Review by utuseless
"I'd rather be chased than raced..."
I loved NFS: Underground when it came out. I had never played that sort of high speed racer before and it was thrilling to rocket around the city in the middle of the night, past flashing neon signs, skyscrapers and hapless oncoming traffic. As a single-player racer it was a great game, though it certainly had its flaws.
Anyway, NFS: Most Wanted is Underground's followup, apparently continuing the almost non-existent story of its nameless protagonist. You're kind of like GTA3's main character in this, though with even less personality. All the story in the game is related through either poorly acted cutscenes or through infuriatingly frequent cellphone messages which tend to appear after almost every race. There's no option to turn these off, and although they may be useful if you really really care about the characters in the game, they're a pain otherwise. The only point of watching the cutscenes is to see what Josie Maran's wearing (or not wearing) - sooner or later you'll just want to skip past them.
Your so-called character is really nothing more than a pair of eyes to which the other people in the cutscenes talk. You never see who you are playing as, you never speak, no-one ever addresses you by name. This makes it very hard to care about relationships with the other characters, who again only really exist in the cutscenes and are too generic, superficial and stereotypical for you to give a damn about. These cinematics are too infrequent and poorly realised to make any impact, so your player character ends up being the car you're driving in.
For all NFS:MW's style, there is virtually nothing to do except whisk your latest vehicle around town at high speeds. If you are looking for absolutely anything other than racing, chasing or evading then you won't find it here. All you are doing is driving your car around the same streets, whether it's participating in the game's many races, trying to build up your bounty score or trying to escape from the cops. The game world is quite big, but it's not big enough when you consider how the game is structured.
You begin at the bottom of the racing ladder and you have to climb your way to the top, ultimately aiming to take on the baddest (oh please) racer in town and regain your reputation. You achieve this by racing any number of lesser minions and coming first in every race (anything else counts as a loss - no points system here). You also have to annoy the police a certain amount before the game will allow you to progress to the next available 'boss' car, of which there are quite a few. The more races you win, the more money you earn, the better upgrades you can buy for your car (or maybe buy a new car). You could even get lucky and score the pink slip to one of the boss cars, though you'll have to beat them soundly first.
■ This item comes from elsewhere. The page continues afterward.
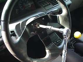 無事抜けたら新しいステアリングをさして、センターのネジを締め付けて終わり。

So, racing first. Before you take on one of the steadily tougher bosses you will have to compete in and win a certain number of races in that bracket. These take various forms: circuits, knockouts, sprints, speed traps, time challenges, even drag races later on. You do the time challenges on your own, the point being to reach the next checkpoint before the timer runs down; the speed traps involve passing through each checkpoint at the highest speed possible; all the other races pit you against computer opponents (usually three) and ask you to beat them all.
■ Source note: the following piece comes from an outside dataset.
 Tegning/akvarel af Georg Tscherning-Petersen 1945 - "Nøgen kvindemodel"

All of these race types are fun, but they have their flaws. The time challenges are the low pressure ones, because you have no opponents and you're simply trying to beat the clock - this is usually very doable. The sprints are great because you just have to get from A to B at top speed before anyone else does. The drags can be infuriating thanks to the scripted events, such as traffic always impeding you in the same places, but you will eventually get through by trial and error, knowing when to accelerate, when to swap lanes, etc. The circuits quickly get less fun, since many of them are big enough with only one lap, and they often encompass three laps altogether, which means you're running the same race for a long time and just one mistake could cost you. Knockouts are a slight variation on the circuits - just make sure you're not last on each lap.
Unfortunately, as they did in Underground, the programmers included an automatic catch-up system. This delightful bit of code ensures that you can never (or at least very rarely) thrash your opponents. The game is already curtailed enough by only allowing you to buy certain cars and upgrades at certain times, meaning that even if you upgrade your car to as high as the current level will allow it will only ever be slightly better than opponents' cars. This makes sense but does not make you feel rewarded, since the game is keeping the difficulty at a constant no matter how well you perform. The catch-up system only makes this situation worse: the premise is that if you get too far ahead through seriously nifty driving your computer opponents will suddenly become vehicular gods, blasting through the course to catch you up within seconds. This is so unrealistic it has to be seen to be believed - just think how annoying it is to be miles ahead and then suddenly see those three yellow dots representing your opponents practically translocate up the road until they're right behind you again. This is very depressing when it happens, and it will. In the end the best way to win is to be consistent - stay just ahead of your opponents and you stand the best chance of beating them. Leaving them eating dust early will only get you punished later.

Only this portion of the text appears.